Getting Started with Microsoft Power Query
I always enjoy the PASS Summits, and most of the time there is always a handful of things that I get excited about. I don’t even wait ‘til I get back to work to try these out, I usually try it out right after the session or the night after the session.
Lately I have been more involved in data warehousing, ETL and visualization/dashboarding/analytics. I have not had the chance to look more closely at some of the new packages or tools from any vendor for that matter. At this week’s PASS summit, I attended many of the Power BI and Power Query sessions. After I saw the first session on Power Query, I was hooked. There were some data sets that I’ve been trying to scrape with other tools – SSIS, PowerShell etc – that seemed to have been scraped and cleaned much, much easier (or should I say magically) by Power Query. Power Query – you had me at “hello”.
What is Power Query?
Let me quote Microsoft on this definition.
Microsoft Power Query for Excel, is a new add-in that provides a seamless experience for data discovery, data transformation and enrichment for Information Workers, BI professionals and other Excel users
To put it differently, it is the desktop ETL tool you wish you had, which you now do. I am no Excel guru, and I usually don’t look to Excel if I need to do any kind of data dump, cleanup and transform. Before even thinking of Excel, I would probably think of ways to do the cleanup and transform in T-SQL, SSIS, PowerShell, C# (sometimes in this order, sometimes not). After seeing Power Query, my list and order of preference for these tools have just changed.

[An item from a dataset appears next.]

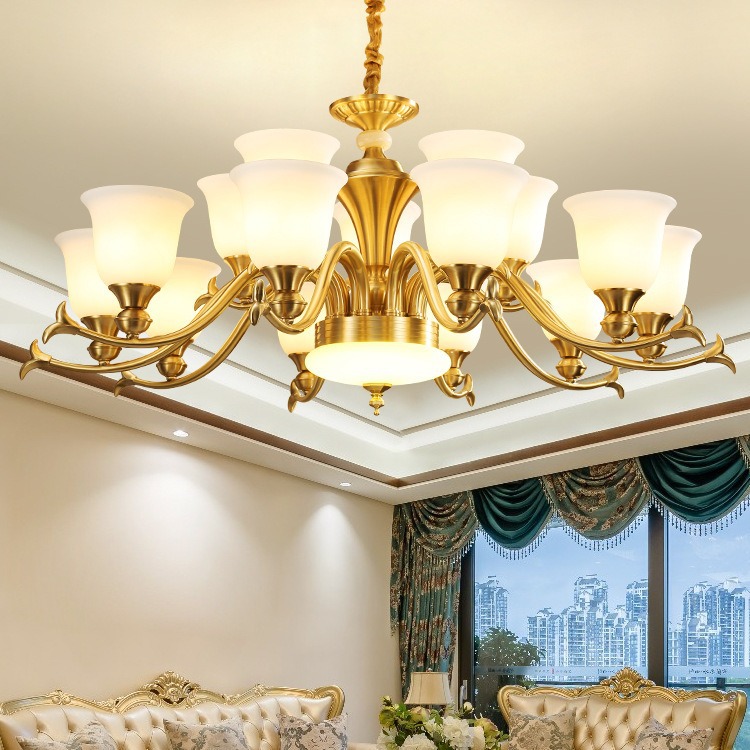 Lampu gantung gaya Amerika, lampu ruang tamu tembaga modern sederhana mewah suasana ruang makan kamar tidur gaya Eropa

So what do you need to start your Power Query adventure?
Download and Install
First off, you will need to download the Power Query add-in. You can download it from http://www.microsoft.com/en-us/download/details.aspx?id=39379. There is an Excel 2010 and Excel 2013 version, and there is also a 32 and a 62 bit version. So just make sure you know which Excel version you have. Should you make a mistake, the installer will tell you anyway, so no harm done.
Once you install the add-in, you will see the new Power Query tab in Excel.
Let me walk you through a very, very simple demo. Let’s say you want to know the top universities around the world. You don’t know where to get that data set, but you know it must be there – somewhere out there.
Let’s start by opening Excel, and choosing the Power Query tab.
Once there, you can click on Online Search, and search for “top universities”. You will notice that this will fetch a few resources from the web, and once you highlight it shows you a preview of the data set it can scrape.
Double click on the first link that shows up in the search, and this downloads the data set to Excel.
Once the records are downloaded, you should see the records in your Excel sheet with Country, University and each individual year in the columns. You also should see one query on the right hand Workbook Queries pane, which indicates the number of rows that were loaded.
We need to do a bit more transformations in this data set.
Click on the one entry in the Workbook Queries pane. This will open up a new window that allows you to do more work and cleanup on the data set.
Scroll all the way to the right. There is a field there called key. Let’s remove that by right clicking on the field, and clicking on remove.
We will also need to unpivot the years, so that we get a row per ranking per year, instead of a row per university. To do this, highlight the years columns, and click on Unpivot.
Notice as well that in the Query Settings pane, there are now two entries under Applied Steps. Power Query records all the steps you make, which allows you to easily replay the steps of your transformation.
After the unpivot, you should see all the universities in the worksheet, with an entry per year. You should also see this step under the Applied Steps box. Click on the Close & Load once done.
There you go, that’s a simple, mini-demo of Power Query. Although it is a “simple” demo, this could have been a lot more complicated using other tools. With Power Query, it’s a matter of following a few steps. It’s simply amazing.
Get your references
Since I am the the PASS Summit, I picked up Chris Webb’s (@technitrain) Apress book Power Query for Power BI and Excel. Lady luck is on my side, and I finally met Chris in person (after a few chats on LinkedIn and Twitter). The first thing the socially awkward me did? I unashamedly ask him to sign my book (thank you Chris!)
I skimmed through the whole book already the night after I bought it to get a better idea of Power Query overall. I plan to do more close reading (and lots of experiments!) in the coming days and weeks. At this point I am just super excited to get started.
Here are some additional resources on getting started with Power Query:
Getting Started with Excel and Power BI Series
Getting Started with Power Query Part I
Getting Started with Power Query Part II
Microsoft Power Query for Excel Help
Chris Webb’s BI Blog – Power Query
Reza Rad’s Blog – Power Query
Rafael Salas’ Blog – Power Query
Matt Masson’s Blog – Power Query
In addition to checking for updates, send a smile or a frown. The team monitors the smiles, the frowns and the feedback, and uses these as basis for what’s going to come next.
Matt Masson just posted a Notepad++ language file for M (Power Query’s formula language). Will come in quite handy when working with M.